52 Titles: Alain de Botton’s “The Pleasures and Sorrows of Work”

Last year for Christmas, my good friend Jon gave me a copy of Alain de Botton’s The Pleasures and Sorrows of Work. When I unwrapped it, I chuckled: I hadn’t been at my first full-time job for long, so it seemed fitting that a book should welcome me into the first years of 30 or 40 at a desk.

There isn’t a person without anxiety about becoming a cog, a single-utility element of the capitalist complex; hammered down into place like a peg that juts out above the others. We spend the vast majority of our waking hours at our jobs, yet spend so little time ruminating on the psychological and philosophical significances of the act.

My favourite passage:

For most of us, our bright promise will always fall short of being actualised; it will never earn us bountiful sums of money or beget exemplary objects or organisations. It will remain no more than a hope carried over from childhood, or a dream entertained as we drive along the motorway and feel our plans hovering above a wide horizon. Extraordinary resilience, intelligence and good fortune are needed to redraw the map of our reality, while on either side of the summits of greatness are arrayed the endless foothills populated by the tortured celibates of achievement.

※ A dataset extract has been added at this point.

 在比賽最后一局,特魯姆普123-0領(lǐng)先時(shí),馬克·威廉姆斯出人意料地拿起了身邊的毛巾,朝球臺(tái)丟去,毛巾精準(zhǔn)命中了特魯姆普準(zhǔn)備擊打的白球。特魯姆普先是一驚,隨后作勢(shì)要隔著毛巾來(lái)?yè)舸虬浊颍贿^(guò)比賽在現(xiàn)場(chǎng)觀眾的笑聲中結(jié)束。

Most of stand poised at the edge of brilliance, haunted by the knowledge of our proximity, yet still demonstrably on the wrong side of the line, our dealings with reality undermined by a range of minor yet critical psychological flaws (a little too much optimism, anunprocessed rebelliousness, a fatal impatience or sentimentality). We are like an exquisite high-speed aircraft which for lack of a tiny part is left stranded beside the runway, rendered slower than a tractor or bicycle.

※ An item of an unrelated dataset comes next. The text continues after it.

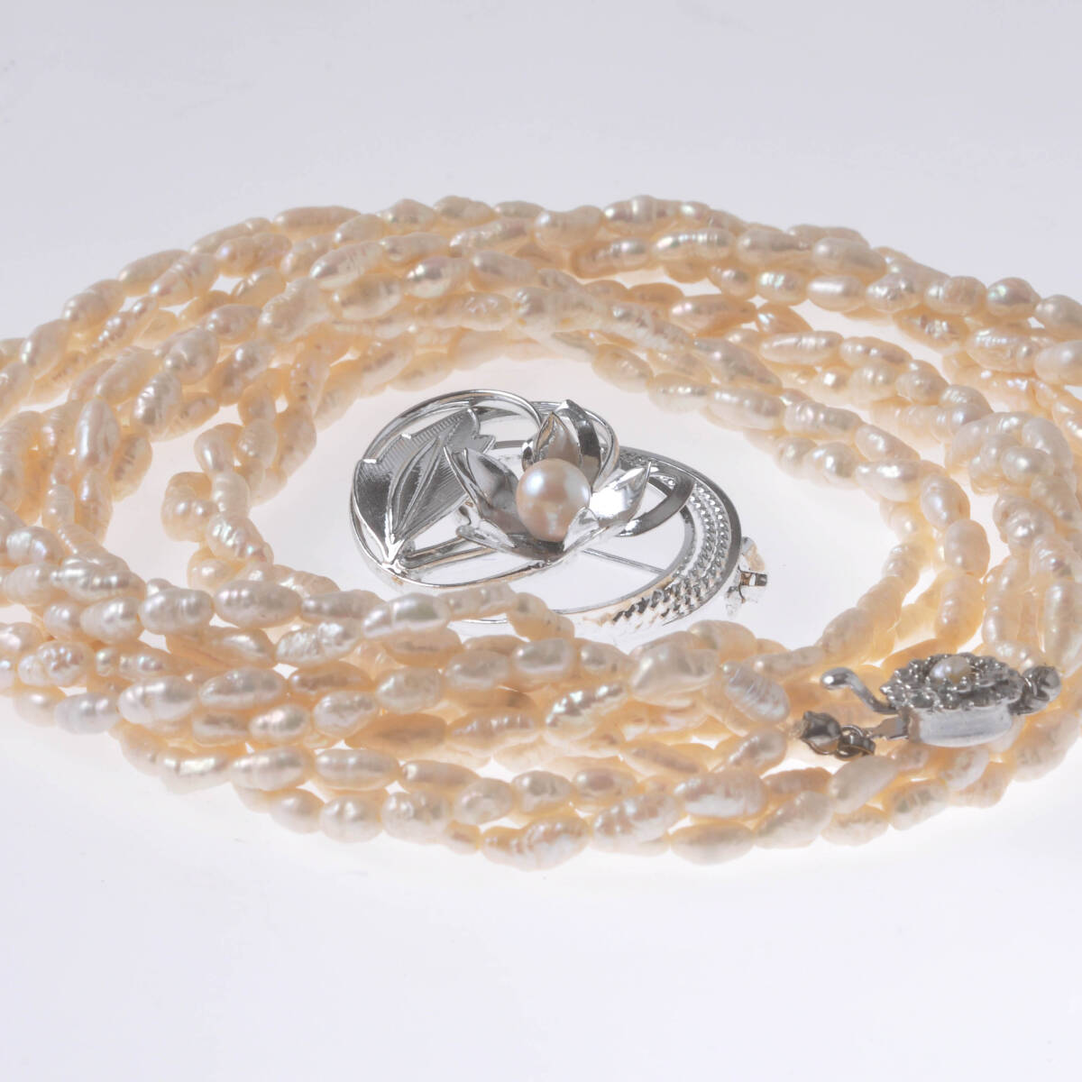 - 美品◇◇淡水真珠ネックレス&ブローチ・シルバー刻印バロック真珠・ゴージャス・冠婚葬祭・116cm◇◇

I came to know this feeling well while working as a copy/page editor. You do the same thing, day in and out. At this job, I had a co-worker, a huge soccer fanatic (he ran a popular podcast on the subject) who told me he had aspirations of becoming a professional soccer player while we waited for the bus home after our shifts ended at 1 a.m. He had reached the minors, some Ontario-Quebec-New York league, and at one point had aimed at joining the MLS. Of course, that didn’t happen, and so here he was, working the night shift as a newspaper page editor, and feeding his passion where time allowed.

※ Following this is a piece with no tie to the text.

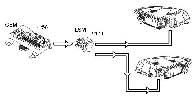 The central electronic module (CEM) (4/56) receives information from the light switch module (LSM) which is directly connected to activate the lamps.

I, too, had those kind of lofty goals — becoming a photographer, a painter. I came to a crossroads when I was 18 or 19, when I started university. I could make a steady living (journalism doesn’t pay much, but at least it pays every two weeks) or I could make pretty pictures and wonder where the next $100 was going to come from.

I chose journalism because it was safer, which is to say I compromised my full happiness for a 3/4 version that also comes with security. Most days I’m happy at work, but it’s the odd day when a nagging feeling comes over me that I am actually Carl in Up, puzzled at how little I’ve done and will do with my remaining years. It takes a brave person to leap into their real passion — it is a rule that there is a negative correlation between fulfillment and wealth. If my tiny part from an aircraft, so to speak, is bravery, then I say without any hesitation or shame that I am not brave enough for that life.